Highlighted in blue is what may be a puzzling anomaly at first:
A 5 is very slightly better
than a 6 when paired with a 2, a 3 or a 4 (either suited or off-suit).
The explanation is that the greater tiebreaking power of a 6 compared to a 5
is more than compensated by the greater numbers of ways a lower card can combine with a 5
instead of a 6 to form a straight (or a straight flush) because a 6 is more distant from those
low cards than a 5 is.

In the parlance implied by the above table, the Queen-Seven off-suit hand is denoted "7Q".
This particular pair of hole cards is known either as the "computer hand"
or the "average hand" because, as shown in the table,
it entails a probability of winning a showdown of nearly 50% (49.9%)
in the case of a heads-up game (poker jargon for a two-player game).

The table shows that the worst hand is 23 (3-2 offsuit)
in a heads-up match. This remains true with 3 or 4 players.
The reputation of 27 (7-2 offsuit) for being "the worst hand in poker" is
based on what the situation becomes when there are 5 or more players at the table.
It's the basis for the (optional) seven-deuce rule
which rewards players for winning with 7-2 (suited or not).

Suited hands have total probability C(13,2) C(4,1) / C(52,2) = 4/17
The probability of having a pair is C(13,1) C(4,2) / C(52,2) = 1/17
Other off-suit hands have probability C(13,2) C(4,2) 2! / C(52,2) = 12/17

4 / 17 +
1 / 17 +
12 / 17 = 1

From the above, we can derive the probabilities of each specific type
of suited hand (there are 78 of them) pair (there are 13)
or off-suit hands. Either that or we can figure directly that there are
C(52,2) = 1326 different hands, where:

Every suited hand is in an equivalence class of 4 (one in each suit).

Every pair is in a class of C(4,2) = 6 (choose 2 suits among 4).

Every off-suit hand is in a class of 12 (different top & bottom suits).

Simplify by 2 to obtain the respective probabilities: 2/663, 3/663, 6/663.

The Big Checksum :

Mathematics is a harsh mistress, but a loving one.
At the end of the day, she often provides a way to confirm your
results or detect the mistakes of whoever ignores her powers...
For example, 11 years ago
I could measure how trustworthy
several published tables of coefficients of elasticity really were,
as they failed to verify a simple mathematical relation between them
( 9/E = 3/G + 1/K ) at their claimed level of accuracy.

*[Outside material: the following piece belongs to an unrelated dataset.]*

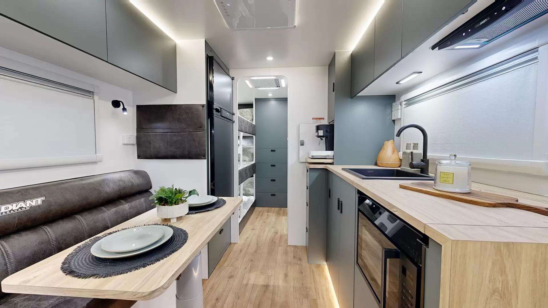 OFF GRID, OFF ROAD WITH AIRBAGS AND MASSIVE TOOL BOXES 19.6 FT, 2 BUNKS FAMILY VAN!KEY FEATURESCruisemaster XTAirbags With Body Control SystemHeavy-Duty Extreme Front ToolboxExtreme Rear Box with 2 Jerry Can HoldersVictron BMS with Blue Smart Charger, DC-DC Charger, MPPT 100/50 and Cerbo GX4 x 200W Solar Panels2 x 200Ah Lithium Batteries3000W Baintech InverterEdge CappingOne-Piece Composite RoofOne-Piece Honeycomb FloorTruss ChassisRaptor-Coated Chassis265/75R16 Mud Terrain Tyres3 x 105L Fresh Water Tanks1 x 105L Grey Water TankDO45 Coupling – ATM 4500kgWaterfall BenchtopsFlat Blind Double-Glazed WindowsMilenco Dust Reduction System with TV Antenna900mm High Checkerplate270L Compressor FridgeSwift Induction Cooktop with 3-in-1 Air FryerTHIS VAN HAS BEEN UPGRADED WITH (INCLUDED IN PRICE):INSTANT HOT WATER SERVICEWALLMOUNT WASHER & DRAWERS IN BUNK ROBE ARMY GREEN CLADDINGTRIPLE BUNK OPTIONCRUISEMASTER XT & BCSIntroducing the Extreme by Radiant Caravans — a fully equipped off-road caravan built to handle Australia’s toughest conditions.The Extreme runs independent coil suspension rated to 4.5T, supported by a truss chassis with Raptor coating, 265/75R16 mud-terrain tyres, and a DO45 coupling (ATM 4500kg) for confident towing on rough terrain. A heavy-duty Extreme front toolbox and Extreme rear box with dual jerry can holders provide serious storage for extended trips.Off-grid power is comprehensive, featuring 2 200Ah lithium batteries, 4 200W solar panels, a 3000W Baintech inverter, and a Victron battery management system with Blue Smart charger, DC-DC charger, MPPT 100/50, and Cerbo GX.Built with a one-piece honeycomb floor and one-piece composite roof, plus edge capping and 900mm high checkerplate, the Extreme is designed for durability and protection. Water capacity includes 3 105L fresh water tanks and a 105L grey water tank.Inside, the Extreme is packed with features, including waterfall benchtops, flat blind double-glazed windows, a 270L compressor fridge, Swift induction cooktop with 3-in-1 air fryer, and the Milenco dust reduction system with TV antenna — delivering comfort and capability wherever you go. FULL LIST OF FEATURES***CHASSIS***Cruisemaster XTAirbags With Body Control SystemHeavy Duty Extreme Front ToolboxExtreme Rear Box with 2 Jerry Can HoldersOne-Piece Honeycomb FloorTruss ChassisRaptor-Coated Chassis265/75R16 Mud Terrain TyresDO45 Coupling – ATM 4500kg6” Heavy Duty A-FrameExtended A-Frame – 2100mmDouble Alloy Pull-Out StepGalvanised Protection to Water TanksA-Frame Tap Guard2 x 9kg Gas BottlesMudflapsJockey WheelTrail SafeDrop-Down Stabiliser LegsGalvanised Wheel Box***INTERNAL***Waterfall BenchtopsBlack Shower GlassCeramic Vanity BasinQueen Bed with Innerspring MattressEnsuite MirrorTowel RailRobe Nooks with USB, USB-C and 240VHidden Handles with Soft-Open Gas Struts to OverheadsSoft-Close DrawersRecessed Cooktop with Lift-Up Lid over StoveUpholstered BedheadUnder-Bed StorageToilet Roll HolderInternal TV BracketFire ExtinguisherSmoke Detector***EXTERNAL***Edge CappingOne-Piece Composite RoofFlat Blind Double-Glazed WindowsMilenco Dust Reduction System with TV Antenna900mm CheckerplateRoll-Out AwningFront Tunnel BootFold-Down Picnic Table with LED Light and USB2 x LED-Framed Sky HatchesMain Entry Door with BinCoast to Coast Access DoorsExternal TV Box12V Fan and LED Hatch to Shower and Toilet***ELECTRICAL***Victron BMS with Blue Smart Charger, DC-DC Charger, MPPT 100/50 and Cerbo GX4 x 200W Solar Panels2 x 200Ah Lithium Batteries3000W Baintech InverterSafety Dave Reverse Camera with Monitor KitLED Ceiling Downlights ThroughoutLED Strip Lighting in Overheads and Under KitchenLED Light over Sink and Vanity2 x 12V Fans in Bedroom1 x 12V Fan in Each Bunk (Family Van)3 x Large Heavy-Duty Annex LightsFront and Rear Work Lights2 x Lights in Tunnel BootLED TaillightsExternal TV Co-Ax Point2 x Reading Lights with USB and USB-C in Bedroom2 x Reading Lights with USB and USB-C in Seating Area1 x Internal TV Point***PLUMBING***3 x 105L Fresh Water Tanks1 x 105L Grey Water TankBlack Tapware ThroughoutExternal ShowerThetford ToiletHot Water SystemDigital Water Level GaugeLockable Water FillersMains Pressure Inlet12V Shurflo Water PumpFlick Mixer TapsExternal Gas Bayonet***APPLIANCES***270L Compressor FridgeSwift Induction Cooktop with 3-in-1 Air FryerGree Air Conditioner3.2kg Top-Loader Washing MachineFusion Radio with Bluetooth12V Rangehood24” Smart TVTare: 2894 KGATM: 4500KGBALL: 245 KGInternal Size: 19.6 FTExternal Size: 19.6 FTExplore our latest caravan models, now available with financing options. We accept trade-ins and offer consignment services. Additionally, we provide servicing, maintenance, and a wide range of accessories.Our Hours:Monday to Friday: 9:00 am - 5:00 pmSaturday: 9:00 am - 3:00 pmPlease note that we are closed on public holidaysPLEASE NOTE PRICE IS BASED ON PICK UP MELBOURNEADD 8,000 FOR WA FRIGHT AND REGOADD 3,000 FOR NSW FRIGHT AND REGOABOUT USStep into a new age of travel with our exceptional caravan selection, where urban sophistication meets the sunseeker's delight. As you journey through uncharted landscapes, our caravans redefine what's possible. From family getaways to off-road escapes, our models offer a retreat from the ordinary. Picture yourself as a true Lotus, blossoming amidst diverse terrains with grace and elegance, whether you're conquering tough landscapes or setting up bunks for a cozy night's sleep.Our caravans are crafted with a supreme level of design and care, standing as masterpieces ready to withstand the test of time, the rugged outdoors, and the discerning eye of design enthusiasts. Just like a Snowy River carving its path, our caravans navigate through challenges effortlessly, making you a Patriot of exploration. With features like 4x4 capability, ensuite facilities, and inbuilt toilets, you have the freedom to embrace the off-road journey fully.Imagine being on the move through beautiful landscapes, unwinding in a

Instead of producing a precise version of the above poker table from scratch,
I decided to just validate the hard results of others
(discarding "simulations"
obtained by playing out a few million random hands,
which are only suitable for low-precision estimates).

A novelty calculator
(selling for less than $8, with a free deck of Queen "2000" cards)
gives as "winning odds" [sic] the expected value of every hand
(for 2 to 10 players). That's a single number equal to the probability
of a win plus half the probability of a tie.
The accuracy of the device is not documented
(who worked out the 1521 memorized results?)
but it gave correct results to the built-in precision
of 0.05% in all the cases I checked (limited to two players).

A few brave souls have published actual enumerations
(integers) obtained by splitting into wins, ties or losses the
C(50,5,2) = 2097572400 possible outcomes (per hand) of an heads-up showdown

There's a simple checksum which can be used to validate such sets of results,
since each time you win the opponent loses (obviously).
Consider now the grand totals W, T and L
obtained by summing up respectively the elementary tallies for wins, ties and losses
multiplied into the weights 2, 3 or 6 according to the nature of the hand
(suited, pair or off-suit). The sum W+T+L must equal 663 C(50,5,2).
By the above remark, L = W. So:

S = 1390690501200 - ( 2W + T) = 0

At the end of the day, you'll find a positive checksum S if you forgot to tally
something and a negative checksum if you counted some outcomes several times in different categories.
A zero checksum is no guarantee of perfection
(both types of errors could cancel each other out) but it's a strong indication thereof,
given the large magnitude of the integers involved...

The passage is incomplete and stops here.